«Девочка, катящая серсо...»
Шрифт:
Конечно, этапный успех и известность принесли Кузьмину рисунки к «Онегину». Что же тут скажешь?
(Я помню, как Кузьмин возил меня и Юркуна к Цявловским. Помню только бесконечные полки с книгами и странное название «Люсиновская площадь». Название, спустя годы, я расшифровала. Интерес к Пушкиниане усилился: в Одессе я сорвала листья со старых каштанов, искала могилу Воронцовой (не нашла!) и спускалась к морю, где «пещеры Прозерпины». Поговорить с Кузьминым на эти темы, увы, не пришлось!)

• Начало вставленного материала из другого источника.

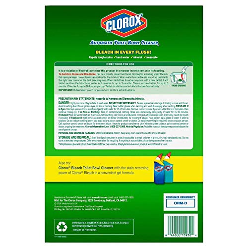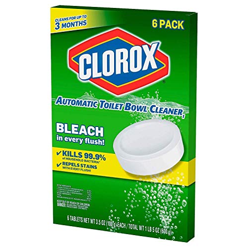 Clorox Automatic Toilet Bowl Cleaner tablet cleans and deodorizes with the power of bleach and kills 99.9% of household bacteria in the toilet bowl water. Each tablet sanitizes the toilet bowl water in 5 minutes, cleans for up to 3 months and helps prevent tough hard water, mineral and lime scale stains. These easy to us toilet tablets keep your toilet smelling fresh and sparkling clean with every flush, leaving bowl water crystal clear. To sanitize, cleand and deodorize, simply drop a tablet in the toilet tank and let it do its work. The tablet does not harm the septic tank. With Clorox, you know your toilet bowl is clean and disinfected.
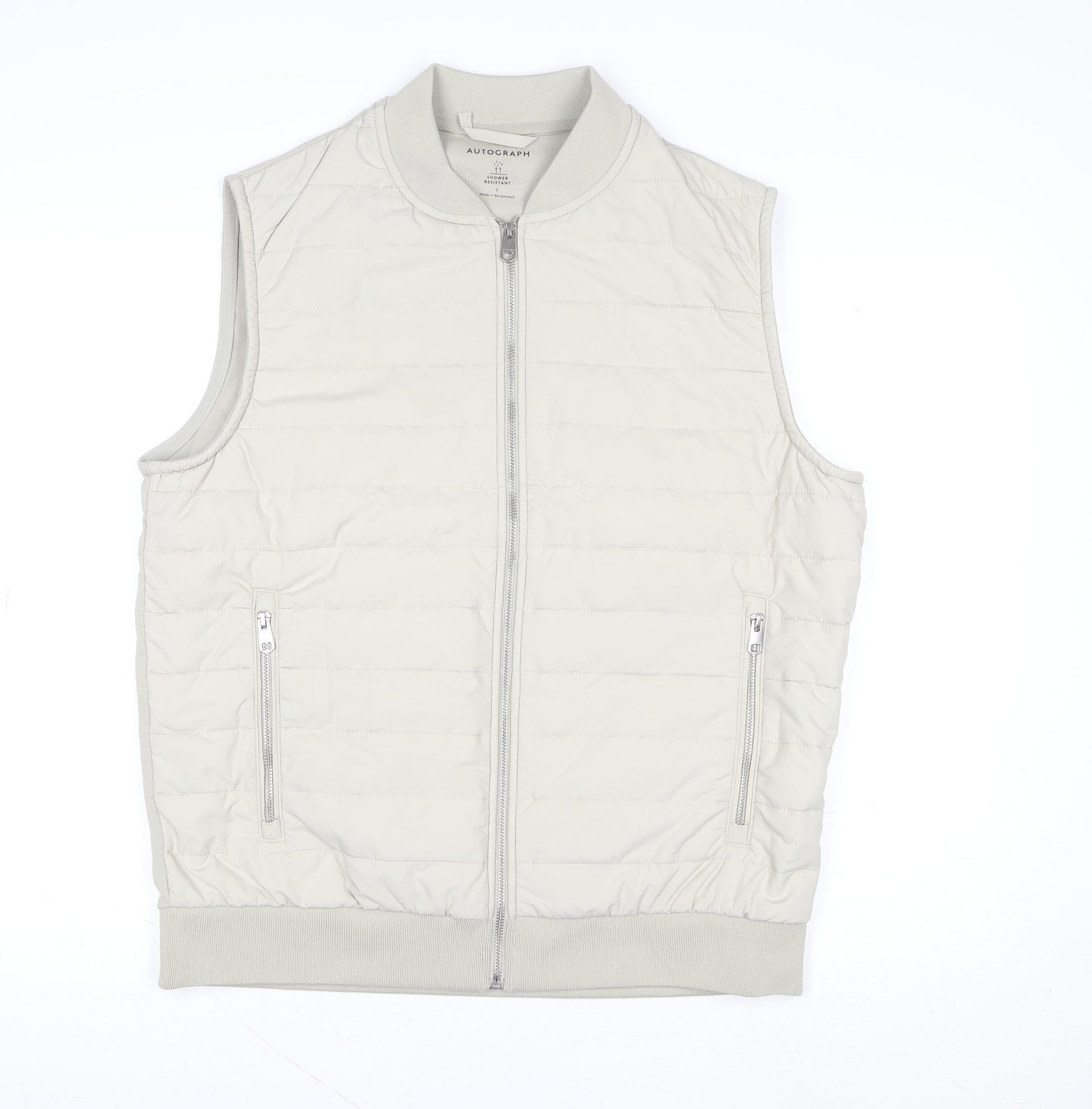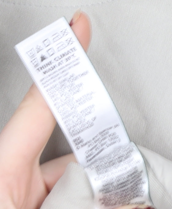 This elegant beige waistcoat from Marks and Spencer’s premium Autograph collection combines functional design with a polished, versatile appearance. Crafted from 100% polyester, the lightweight microfibre outer shell is shower-resistant, offering practical protection against light rain and wind while maintaining breathability and comfort. The sleeveless design makes it ideal for layering over jumpers, long-sleeved tops, or shirts in cooler weather, perfect for spring and autumn days. Featuring a full front zip fastening, secure zipped side pockets, and a comfortable ribbed hem, this waistcoat ensures both style and utility. The smooth polyester lining enhances comfort, while the insulation provides subtle warmth without adding bulk. Its clean, contemporary silhouette and light beige tone deliver a sophisticated, minimalist look that pairs easily with jeans, trousers, or skirts for casual or smart-casual ensembles.The Autograph waistcoat is designed for the modern woman who appreciates both practicality and refined style. The shower-resistant fabric and streamlined quilted pattern lend a tailored aesthetic suited to everyday wear, travel, or outdoor leisure. It’s an effortless layering piece that brings versatility to any wardrobe, balancing function with fashion appeal.Presented in excellent pre-owned condition, the waistcoat shows minimal signs of wear and retains its original high-quality finish. Machine washable at 30°C, it’s easy to care for, making it both durable and low maintenance. Whether added to casual outfits or used as a transitional layer, this Marks and Spencer Autograph waistcoat exemplifies understated luxury and timeless appeal – the perfect choice for those seeking a reliable, stylish addition to their outerwear collection.

Хочется мне сказать, что, не обижая «золотую» Маврину, я была недовольна, что иллюстрации к «Руслану»{40} поручили ей, а не Кузьмину. Конечно, она хорошо справилась, но, мне кажется, для «Руслана» нужен был не чисто русский колорит, а, исходя из музыки Глинки, балетно-театральный орнамент с этнографически правильными костюмами времен Истоминой на фигурках. Мне это казалось сделанным не на дереве, не на терракоте, и даже не на фарфоре, а именно на стекле (т. е. нарисованными на бумаге, но «под» стекло — тонкими штрихами Кузьмина). Я думаю, мое представление о «Руслане» никого не должно обидеть. Но то, что это не было сделано, — ужасно жаль!..
Маврина
При первом впечатлении (как при последнем свидании) у Мавриной «бросались в глаза» именно блестящие огоньками веселые глаза; при виде ее работ — удивительное богатство «всего-всего» — разного, различного между собой материала работ — настоящее плодородие!.. Чего только не успевала натворить эта маленькая, живая фигурка! Сколько трудолюбия! Сколько выдумки! Сколько веселья!.. Из работ Мавриной — был ли это «русский Матисс» ее ранних работ, ее «ню», которых она извлекала, посещая бани; ее московские пейзажи — будь они серые или яркие — всегда какие-то веселые, будто смеющиеся, даже смешные. И всегда все — очень русское и совершенно свое — ни Кустодиев, ни Рябушкин, ни Саврасов, ни Поленов — с «московскими двориками» — здесь не вспоминаются.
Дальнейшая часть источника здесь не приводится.